*** Opening of INFORMATION PROVIDED ***
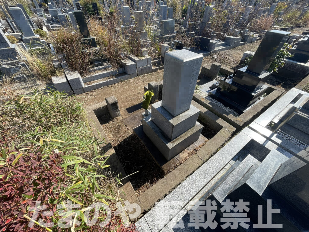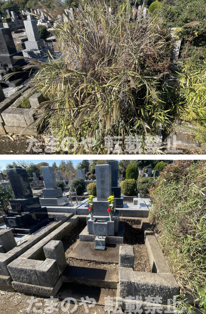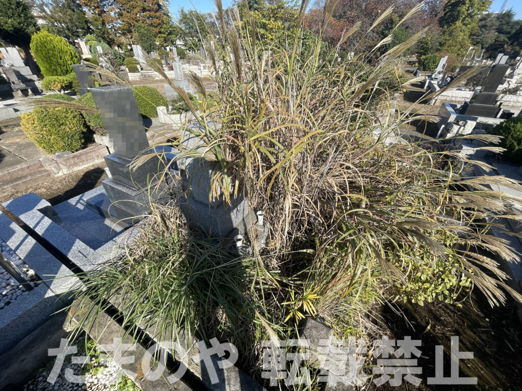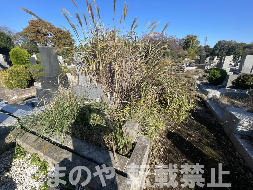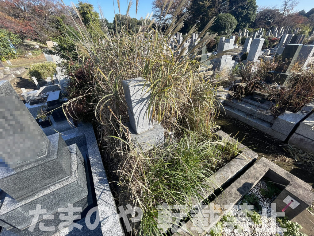 さらに、区画の外側へも雑草が越境しつつあり、隣接するお墓へ影響が及ぶ可能性も高まっていました。
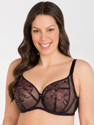 Mäkká podprsenka s kosticami. Vyrobená z dvojitej priehľadnej sieťoviny s farebnou výšivkou. Nastaviteľné, neodnímateľné ramienka. Pás je zo sieťoviny so zvislou kosticou.
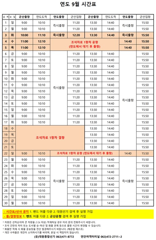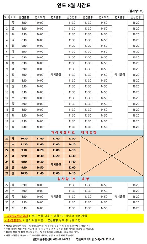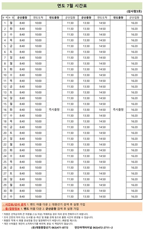 고군산 군도 섬여행 선박 운행 시간표 안내입니다.
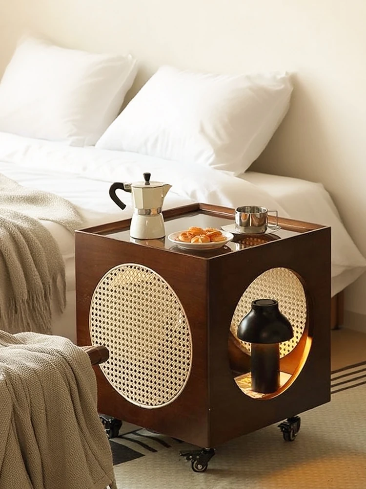 Vintage Solid Wood Nightstand - Versatile Side Table for Living Room & Kitchen, Movable Cart and Storage Rack, Perfect for Sofa or Dining Area
*** Close of INFORMATION PROVIDED ***
YOUR INSTRUCTIONS:
With pictures omitted, reproduce exactly the lines from the line containing "Mäkká podprsenka s" through the end of the data above.

TASK SOLUTION:
 Mäkká podprsenka s kosticami. Vyrobená z dvojitej priehľadnej sieťoviny s farebnou výšivkou. Nastaviteľné, neodnímateľné ramienka. Pás je zo sieťoviny so zvislou kosticou.
 고군산 군도 섬여행 선박 운행 시간표 안내입니다.
 Vintage Solid Wood Nightstand - Versatile Side Table for Living Room & Kitchen, Movable Cart and Storage Rack, Perfect for Sofa or Dining Area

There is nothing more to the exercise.